Records shown –
--------------------

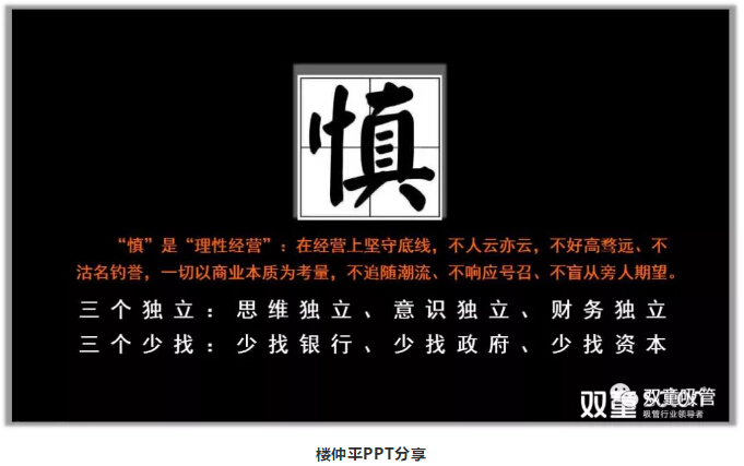 “慎”也是科學(xué)管理的本真,我們要有自己獨(dú)立的意識(shí),要有自己獨(dú)立的思維,在經(jīng)營上要有自己的獨(dú)立判斷,堅(jiān)守底線,不人云亦云,一切以商業(yè)本質(zhì)為考量,不追隨潮流、不響應(yīng)號(hào)召、不盲從旁人期望。基于以上,樓仲平也總結(jié)出“三個(gè)獨(dú)立”和“三個(gè)少找”:
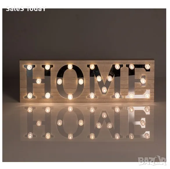 Настолна декоративна дървена табела в естествен цвят с надпис Home с огледални букви и топла светлина от 21 LED крушки. Има бутон за включване/изключване. Работи с 2 батерии AAA (не са включени).
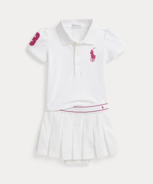蒸れにくいストレッチメッシュ素材を使用し、アイコニックなシグネチャーのポニーをアレンジした刺繍を施したポロシャツとプリーツスコートのスポーティなセット。
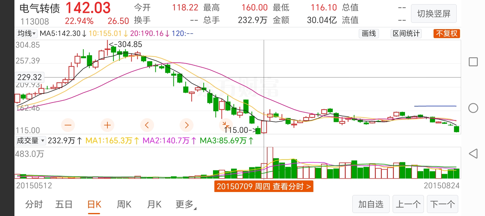 2015年7月7日,大家已经开始讨论分级基金下折时的流动性风险,特别是创业板中小票的,当时我的主要持仓是创业板A,本着君子不立危墙之下的原则,我当天把手头能清的分级A都清仓了,只剩下当天买入的一点国防A因为T+1不能卖。
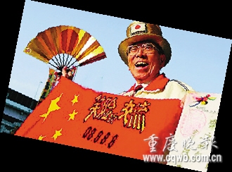 山田老人為北京奧運(yùn)加油。 圖片來源:重慶晚報(bào)
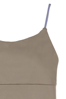 フロントはシンプルで上品ながらも、配色のストラップや大きく開いたバックデザインで華やかに。
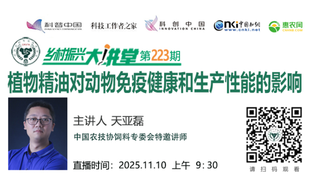 乡村振兴大讲堂第223期——植物精油对动物免疫健康和生产性能的影响
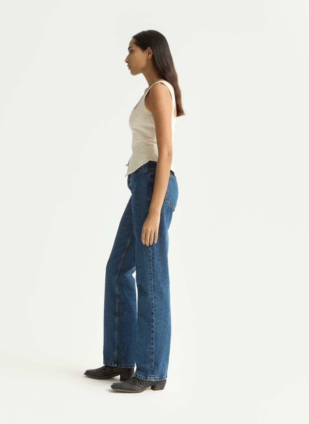 Our Broken Corset, contoured throughout, was created with all bodies in mind. Fitted to the body with a square neck, back zip, seam detailing and fully lined for comfort. Designed to hold you like a corset - snug when you zip it up, but comfortable once you're in. Cut from rigid Italian denim in 100% organic cotton and washed with a low-impact process that reduces water and chemical use. Produced in Paraguay by BDA.
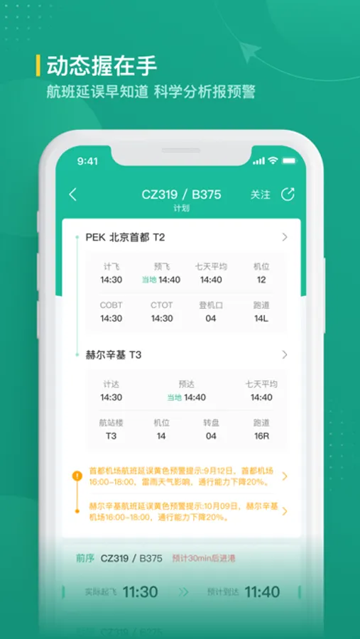 2.支持航班动态查询和推送,延误预警早知道。
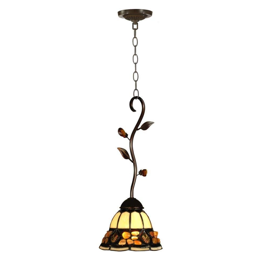 - Shade is crafted of hand rolled art glass
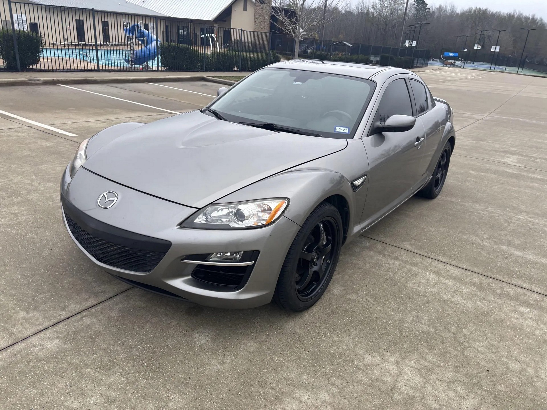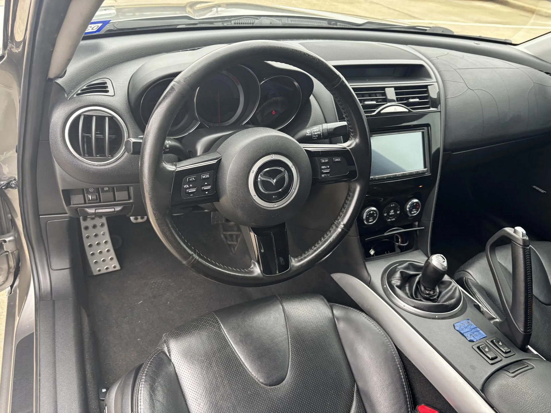 Wnętrze jest takie jak w większości egzemplarzy Mazdy RX-8, główną różnicą jest ekran dotykowy Kenwood z łącznością Android Auto i Apple CarPlay. Pomimo niewysokiego względnie przebiegu 58 tys. mil, widać ślady zużycia. Szczególnie mocno widoczna jest popękana pokrywa poduszki powietrznej pasażera.
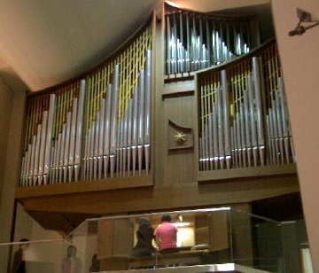 II.Schwellwerk C-g''' Gedackt 8' Gamba 8' Voix celeste 8' (ab c) Weitprincipal 4' Koppelflote 4' Nasard 2 2/3' Blockflote 2' Terz 1 3/5' Scharff IV Oboe 8' Tremulant |
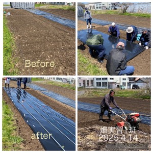 | 畑実習 1班 2025年4月14日 2班 2025年4月16日 春の家庭菜園 (土つくり・植え付け準備) (松原治夫先生) |
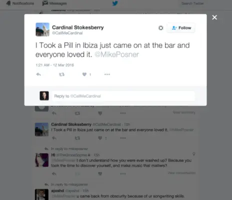 Jag vet att skrivandet av den här bloggen inte kommer att påverka fenomenet att människor missförstår I Took a Pill in Ibiza. Men gissa vad? Det är O.K. Folk är upptagna och har sina egna jobb, de är inte skyldiga att dissekera texterna till min musik. De har andra saker att göra. Om de vill festa och göra allt jag säger gjorde mig sorgsen i min låt, med min låt som soundtrack... så var det. Då kanske de kan få igång lite ironier i sitt liv som jag har i mitt. När blev Gud eller vilken gudomlighet som orkestrerade mitt liv och karriär en sådan skojare?

--------------------

Assignment – Apart from the pictures, return every entry above exactly as given.

Problem solution –
 “慎”也是科學(xué)管理的本真,我們要有自己獨(dú)立的意識(shí),要有自己獨(dú)立的思維,在經(jīng)營上要有自己的獨(dú)立判斷,堅(jiān)守底線,不人云亦云,一切以商業(yè)本質(zhì)為考量,不追隨潮流、不響應(yīng)號(hào)召、不盲從旁人期望。基于以上,樓仲平也總結(jié)出“三個(gè)獨(dú)立”和“三個(gè)少找”:
 Настолна декоративна дървена табела в естествен цвят с надпис Home с огледални букви и топла светлина от 21 LED крушки. Има бутон за включване/изключване. Работи с 2 батерии AAA (не са включени).
蒸れにくいストレッチメッシュ素材を使用し、アイコニックなシグネチャーのポニーをアレンジした刺繍を施したポロシャツとプリーツスコートのスポーティなセット。
 2015年7月7日,大家已经开始讨论分级基金下折时的流动性风险,特别是创业板中小票的,当时我的主要持仓是创业板A,本着君子不立危墙之下的原则,我当天把手头能清的分级A都清仓了,只剩下当天买入的一点国防A因为T+1不能卖。
 山田老人為北京奧運(yùn)加油。 圖片來源:重慶晚報(bào)
 フロントはシンプルで上品ながらも、配色のストラップや大きく開いたバックデザインで華やかに。
 乡村振兴大讲堂第223期——植物精油对动物免疫健康和生产性能的影响
 Our Broken Corset, contoured throughout, was created with all bodies in mind. Fitted to the body with a square neck, back zip, seam detailing and fully lined for comfort. Designed to hold you like a corset - snug when you zip it up, but comfortable once you're in. Cut from rigid Italian denim in 100% organic cotton and washed with a low-impact process that reduces water and chemical use. Produced in Paraguay by BDA.
 2.支持航班动态查询和推送,延误预警早知道。
 - Shade is crafted of hand rolled art glass
 Wnętrze jest takie jak w większości egzemplarzy Mazdy RX-8, główną różnicą jest ekran dotykowy Kenwood z łącznością Android Auto i Apple CarPlay. Pomimo niewysokiego względnie przebiegu 58 tys. mil, widać ślady zużycia. Szczególnie mocno widoczna jest popękana pokrywa poduszki powietrznej pasażera.
 II.Schwellwerk C-g''' Gedackt 8' Gamba 8' Voix celeste 8' (ab c) Weitprincipal 4' Koppelflote 4' Nasard 2 2/3' Blockflote 2' Terz 1 3/5' Scharff IV Oboe 8' Tremulant |
 | 畑実習 1班 2025年4月14日 2班 2025年4月16日 春の家庭菜園 (土つくり・植え付け準備) (松原治夫先生) |
 Jag vet att skrivandet av den här bloggen inte kommer att påverka fenomenet att människor missförstår I Took a Pill in Ibiza. Men gissa vad? Det är O.K. Folk är upptagna och har sina egna jobb, de är inte skyldiga att dissekera texterna till min musik. De har andra saker att göra. Om de vill festa och göra allt jag säger gjorde mig sorgsen i min låt, med min låt som soundtrack... så var det. Då kanske de kan få igång lite ironier i sitt liv som jag har i mitt. När blev Gud eller vilken gudomlighet som orkestrerade mitt liv och karriär en sådan skojare?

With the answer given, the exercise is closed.